C’est là que j’entendis la voix pour la première fois. Une voix à la tonalité grave, mais douce, qui répétait des paroles indistinctes. Elle venait du fond des ténèbres, mais elle n’avait rien de ténébreuse en réalité. Il me semblait que c’était un garçon. Était-il mort lui aussi ? Avait-il pu se perdre comme moi dans les profondeurs de son âme ?

Il paraissait si loin, en dehors de tout et pourtant je tentais de me rapprocher de lui, de déplacer mon esprit vers cette voix qui murmurait et m’attirait comme un aimant. Je pouvais entendre le volume de la voix augmenter au fur et à mesure et ses paroles devinrent de plus en plus claires. « Tu pleures. Pourquoi est-ce que tu pleures ? Réveilles-toi, je t’en prie. » J’eus tellement envie de lui répondre : « Je suis là ! Je ne suis pas endormie ! ». J’étais si heureuse d’entendre la voix d’un autre individu que je mis toute mon énergie pour l’atteindre et lui parler. Tel était mon but. L’atteindre, à tout prix. Je l’entendais, sa voix devenant de plus en plus puissante et insistante. « Réveilles-toi ! ». « Réveilles-toi, allez !».

C’est à ce moment que je commençai à ressentir de nouveau mon corps. C’était une infime sensation, quelques frémissements qui parcouraient tout mon être. Puis cela devint plus oppressant, plus violent. Je pouvais ressentir de véritables secousses, qui dans un premier temps me donnèrent de terribles vertiges, mais qui m’apportèrent ensuite une grande joie, car à présent je le savais.
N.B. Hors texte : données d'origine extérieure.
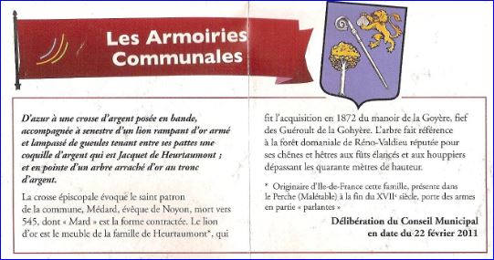 (2011) D'azur à la crosse de saint-Médard d'argent posée en bande, accompagnée, en chef, d'un lion d'or armé et lampassé de gueules, tenant une coquille d'argent entre ses pattes, et, en pointe, d'un hêtre d'or, fûté et arraché d'argent.

Je savais que j’étais encore en vie et que j’allais pouvoir quitter le vide et l’obscurité. Pour aller où ? Je n’en avais pas la moindre idée, mais je m’en fichais. Ça n’avait pas d’importance.
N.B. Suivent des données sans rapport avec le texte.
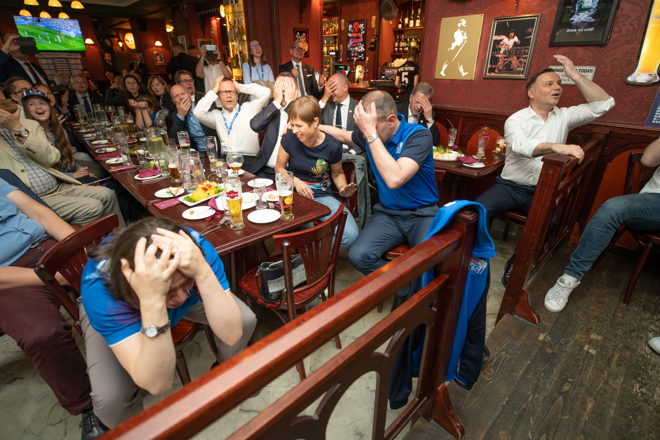 Í lok hátíðahalda vegna 100 ára afmæli eistneska lýðveldisins í júní 2018 sameinuðust forsetar Íslands, Eistlands, Finnlands, Póllands og Lettlands yfir fótboltaleik þar sem Íslands lék gegn Nígeríu á HM karla í Rússlandi. Ljósmynd: Forsetaskrifstofa Eistlands/Raigo Pajula

La voix était maintenant si proche, que j’eus peur de la heurter. Et ce fut en effet ce qui arriva. Mon esprit regagna mon enveloppe corporelle avec brutalité et j’esquissai un mouvement en avant, cognant au passage le propriétaire de la voix qui m’appelait, qui était penché sur mon corps inerte. Ce fut comme un réflexe. Je partis en avant, puis me rallongea presque instantanément ; ce qui je pense du le surprendre et l’effrayer.

J’attendis quelques secondes ainsi, le temps de calmer mes vertiges, puis j’ouvris les yeux et vis la lumière aveuglante d’une journée ensoleillée traverser mes iris vert émeraude. J’étais sortie de mes limbes.